# An Application of Hlawka's Inequality

Here's an inequality that Leo Giugiuc found at the AOPS forum and posted with a solution at the CutTheKnotMath facebook page. The elegant solution is by Claudia Nanuti, Diana Trailescu, Dan Sitaru and Leo Giugiuc.
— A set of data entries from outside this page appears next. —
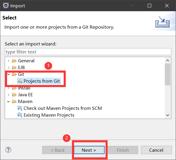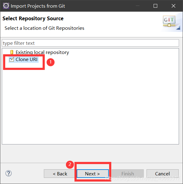 4.点击左上角文件file,选择导入import,找到Git选择Projects from Git,点击下一步Next,选择Clone URL,点击下一步Next。
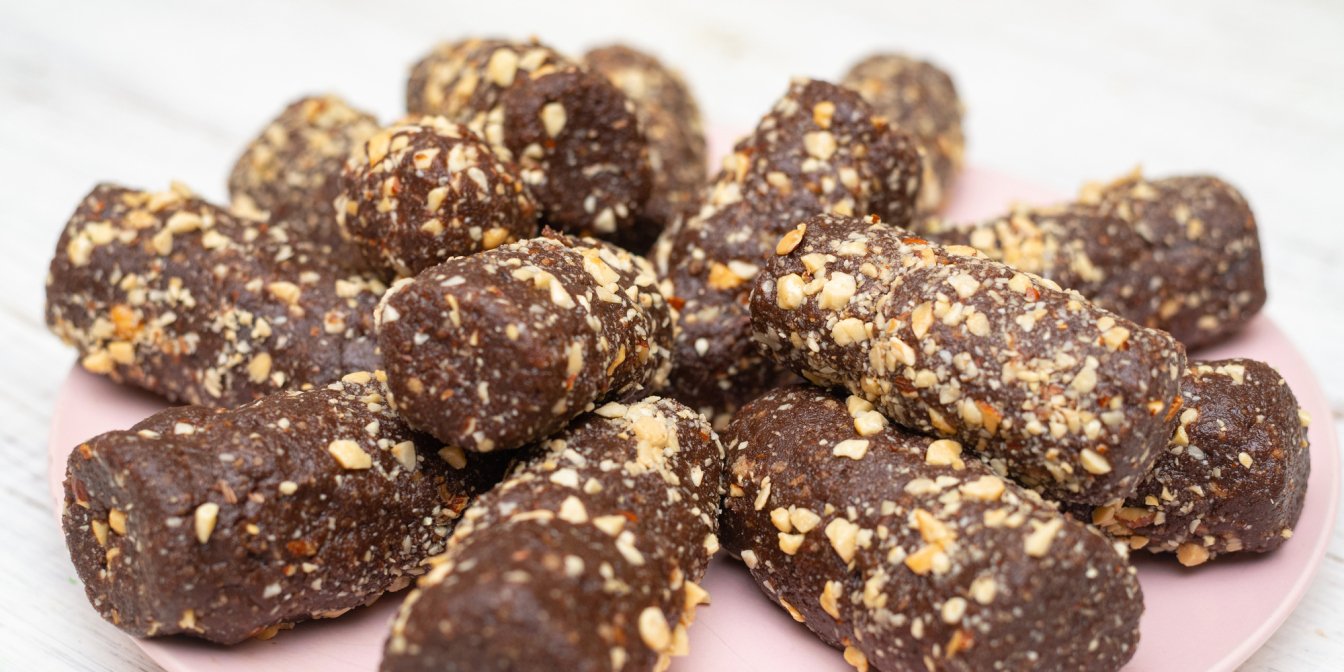 Сформуй довгасті або круглі тістечка. Викладай на пласку тарілку, на бажання посип меленими горіхами, а потім постав у холодильник на 30-45 хв.
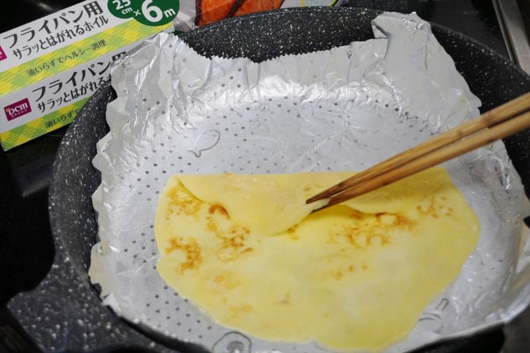 1)卵に砂糖を加え、よく混ぜ合わせる。2)1)にふるいにかけた薄力粉、塩を加えてよく混ぜる。3)2)に牛乳を少しずつ加えて混ぜ、1時間以上冷蔵庫でねかせる。4)焼く直前に3)に溶かしバターを加えてよく混ぜる。5)フライパンに「DCMブランド サラッと剥がれるホイル フライパン用」を敷いて中火にかけ、温まったらお玉8分目くらいの生地を流し入れる。ホイルが生地をはじくことがあるのでお玉の底を使って広げていく。焼き色がついてきたら裏返し、少し焼いたら生地の完成。
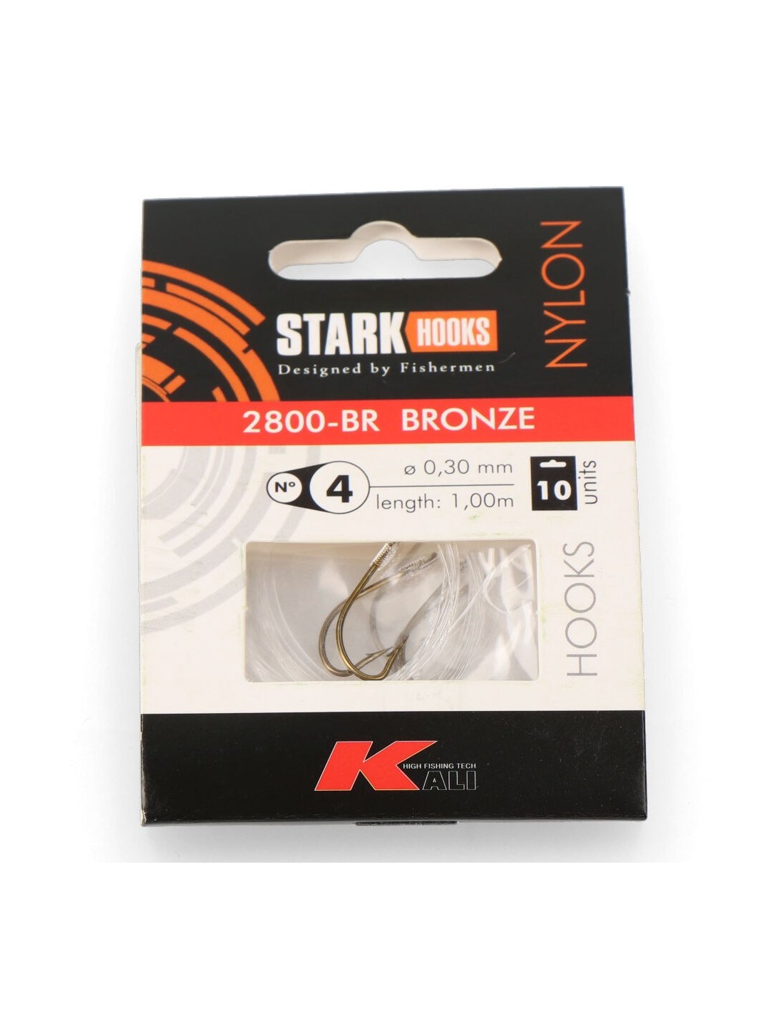 Cartera de 10 anzuelos bronceados tamaño nº 4, 2800-br, montados rectos con 1 m de monofilamento de ø0,30 mm

For $a,\;b,\;c\gt 0$ the following inequality holds:

\begin{align} \sqrt{a^2-ab+b^2}&+\sqrt{b^2-bc+c^2}+\sqrt{c^2-ca+a^2}\\ &\le a+b+c+\sqrt{a^2+b^2+c^2-ab-bc-ca}. \end{align}

### Solution

Set $\displaystyle w=-\frac{1}{2}+i\frac{\sqrt{3}}{2},$ which is a rotation by $120^{\circ}$ counterclockwise. Define $x=a,$ $y=bw,$ $z=cw^2.$

First of all $|x|=|a|,$ $|y|=|b|,$ $|z|=|c|.$ Then also, $|x+y|=\sqrt{a^2-ab+b^2},$ $|y+z|=\sqrt{b^2-bc+c^2},$ $|z+x|=\sqrt{c^2-ca+a^2},$ and $|x+y+z|=\sqrt{a^2+b^2+c^2-ab-bc-ca}.$ I'll verify the latter identity:

$\displaystyle x+y+z=\left(a-\frac{1}{2}b-\frac{1}{2}c\right)+i\left(\frac{\sqrt{3}}{2}b-\frac{\sqrt{3}}{2}c\right).$

It follows that

\displaystyle\begin{align} |x+y+z|^2&=\left(a-\frac{1}{2}b-\frac{1}{2}c\right)^2+\frac{3}{4}(b-c)^{2}\\ &=a^2+\frac{1}{4}b^2+\frac{1}{4}c^2-ab-ac+\frac{1}{2}bc+\frac{3}{4}b^2+\frac{3}{4}c^2-\frac{3}{2}bc\\ &=a^2+b^2+c^2-ab-bc-ca, \end{align}

as required. It is now clearly seen that the problem is simply a reformulation of Hlawka's inequality:

$|x+y|+|y+z|+|z+x|\le |x|+|y|+|z|+|x+y+z|,$

true for any three complex numbers $x,\;y,\;z.$